A study has identified microRNA-155 as a new independent prognostic marker and treatment target in patients with acute myeloid leukemia that has normal-looking chromosomes under the microscope (that is, cytogenetically normal acute myeloid leukemia, or CN-AML).
The study was led by researchers at the Ohio State University Comprehensive Cancer Center - Arthur G. James Cancer Hospital and Richard J. Solove Research Institute (OSUCCC - James). The researchers found that when microRNA-155 (miR-155) is present at abnormally high levels in CN-AML cells, patients are less likely to have a complete remission, and they experience a shorter disease-free period and shorter overall survival. The effect is independent of other known prognostic gene mutations present in the cells.
Published in the Journal of Clinical Oncology with an accompanying editorial and an "Understanding the Pathway" article, the findings suggest that miR-155 plays a pivotal role in CN-AML development, and that it could be a valuable target for the emerging class of drugs designed to inhibit microRNAs, says first author Dr. Guido Marcucci, professor of hematology, a leukemia specialist and associate director for Translational Research at the OSUCCC - James. "MiR-155 would be relatively easy to measure at the time of diagnosis," Marcucci says. "We believe it will prove to be a good marker for stratifying patients according to recurrence risk and a good target for emerging compounds designed to inhibit microRNAs."
Principal investigator Dr. Clara D. Bloomfield, Distinguished University Professor and Ohio State University Cancer Scholar and Senior Advisor and William Greenville Pace III Endowed Chair in Cancer Research notes that, "Overall, our findings indicate that miR-155 expression is a strong and independent prognostic marker in CN-AML, and they provide clinical validation of data from preclinical models that support a crucial role of miR-155 in leukemia."
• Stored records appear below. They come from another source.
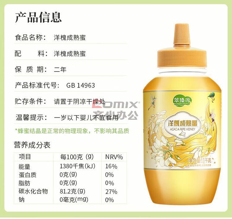 商品名称:萃臻源 蜂蜜 洋槐蜜 1000g(瓶装) 成熟蜜 单位:瓶
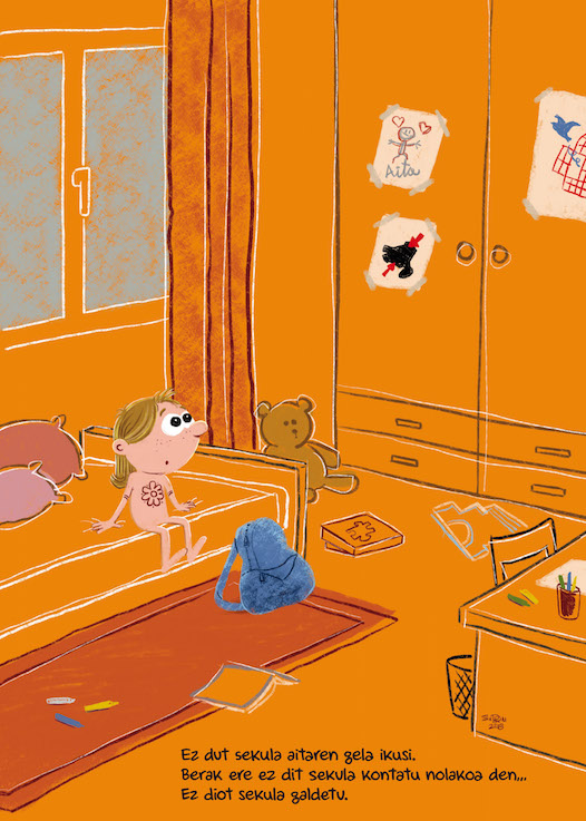 Aitaren bizitokia ezagutzen ez duen bezala, aitak ere ez du alabaren logela ezagutzen.Ez ditu eskolan egin eta paretan jarritako marrazkiak ikusi, ezta Olentzerok ekarritako jostailuak ezagutu ere. Aitak ez dio inoiz bere logelara eraman, ezin du eta.
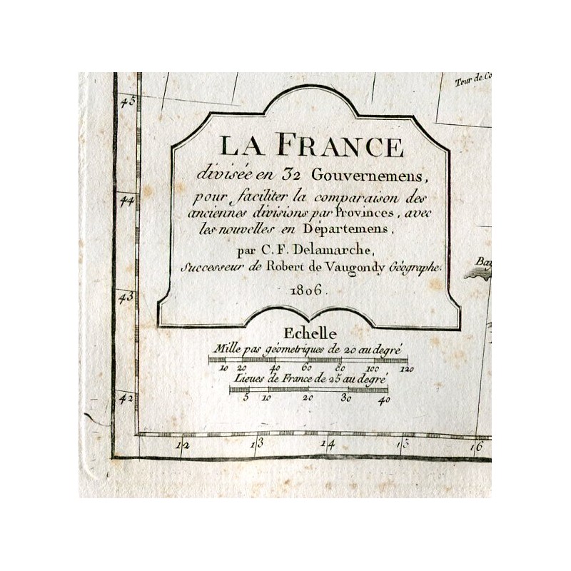 Mapa antiguo de Francia (La France). Roberto de Vaugondy (1806). Un mapa interesante creado por Robert de Vaugondy para el 'Atlas Universel' en 1757 y corregido por su sucesor Lamarche. El Atlas Universel es uno de los atlas más importantes del siglo XVIII. Esta impresión está fechada en 1806. Tamaño de la plancha: 25,3x23,8 cm. Tamaño del papel: 31,8x45 cm.
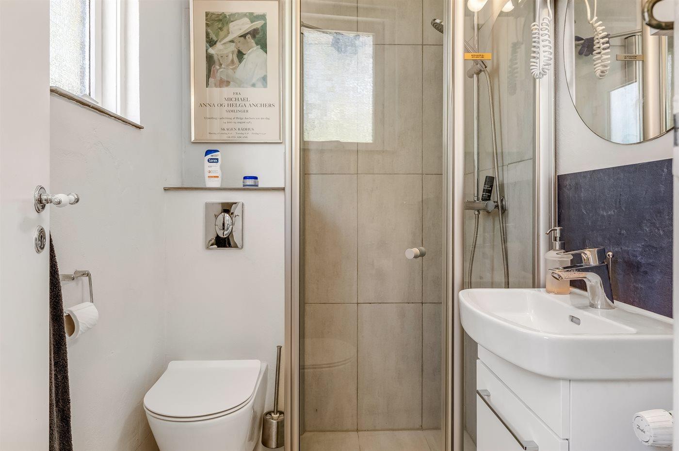 There is 1 bathroom with shower cabinet and 1 toilet.
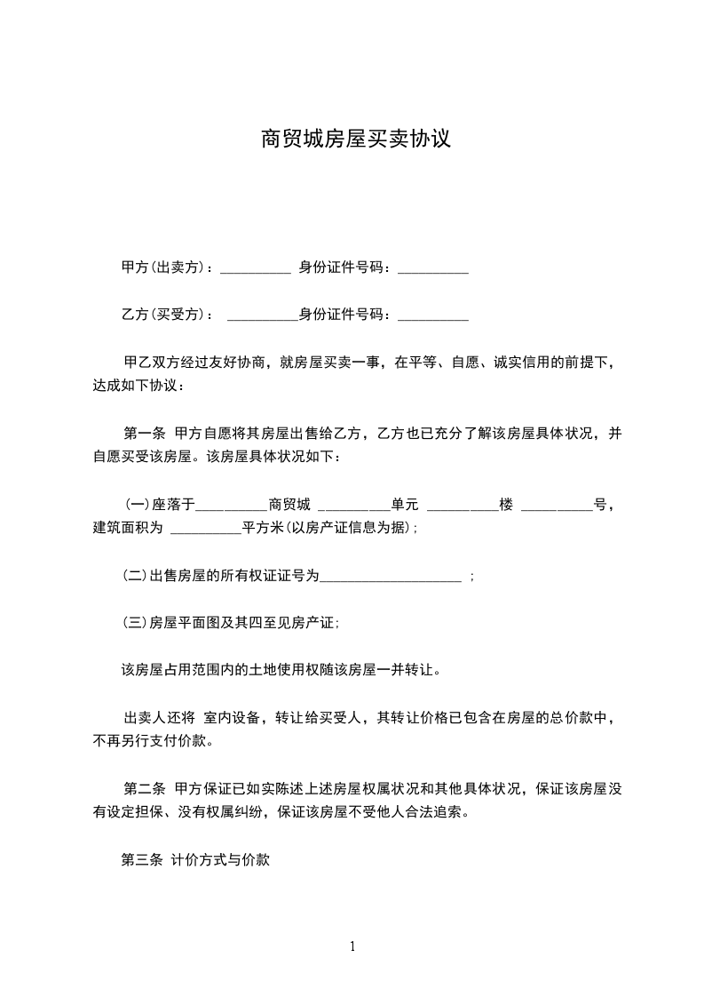 (一)座落于__________商贸城 __________单元 __________楼 __________号,建筑面积为 __________平方米(以房产证信息为据);
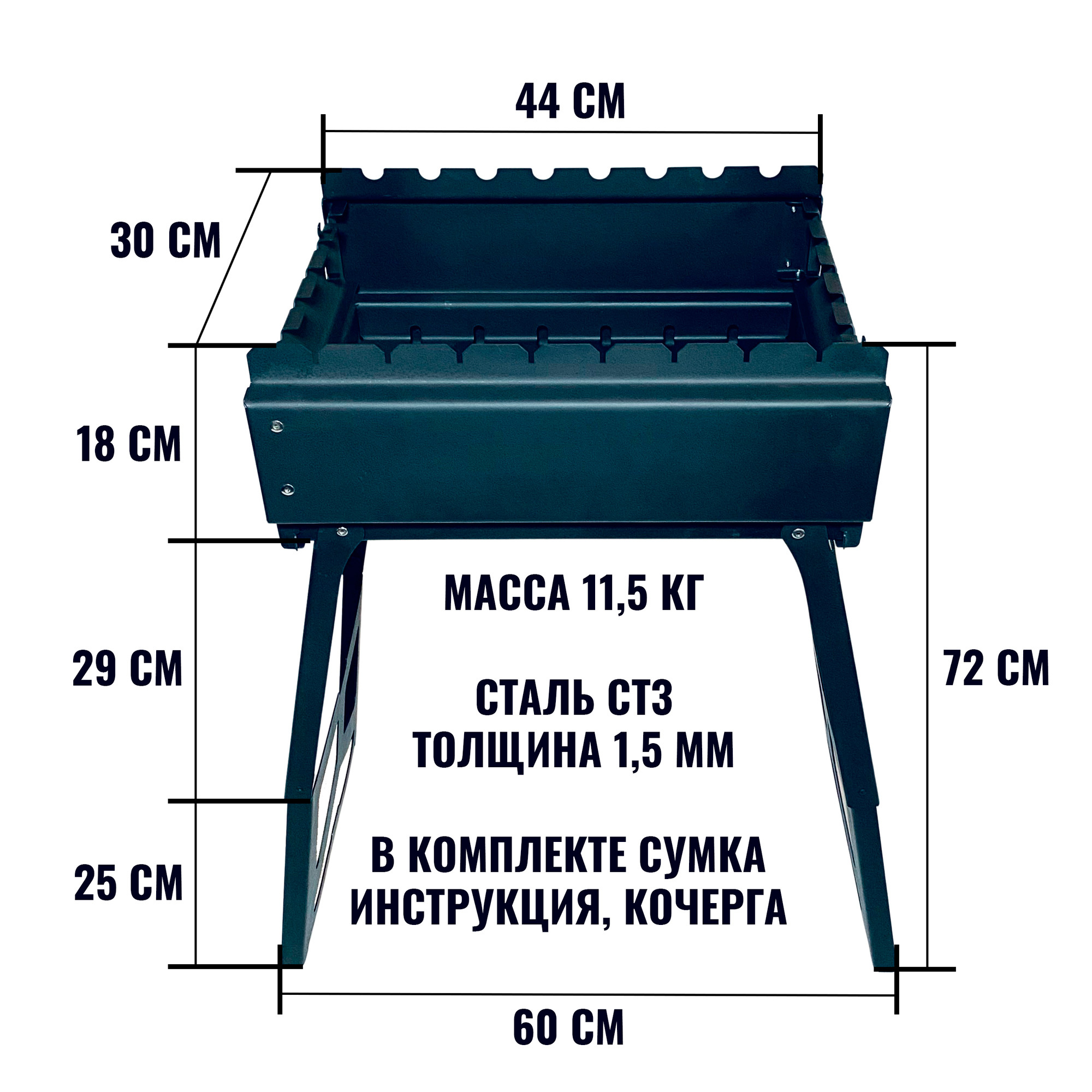 Комплектация:Мангал, влагозащитная сумка, кованная кочерга, инструкция, фирменная упаковка.Описание:Представляем универсальный складной мангал KOLUNDROV «Дипломат» из стали 1,5 мм на 6/8 шампуров для дачи, похода, туризма и отдыха на природе.В одном изде

The researchers also note that because a molecule called NF-kB is believed to regulate miR-155, treatments that inhibit that molecule might also help patients with high miR-155 levels.
Cells use microRNA molecules to help regulate the kinds and amount of proteins they make. Abnormal levels of certain microRNAs are likely to play a key role in cancer development. Abnormally high expression of miR-155 is associated with lymphoma, aggressive chronic leukemias and certain solid tumors, and microRNA levels have been associated with patient survival.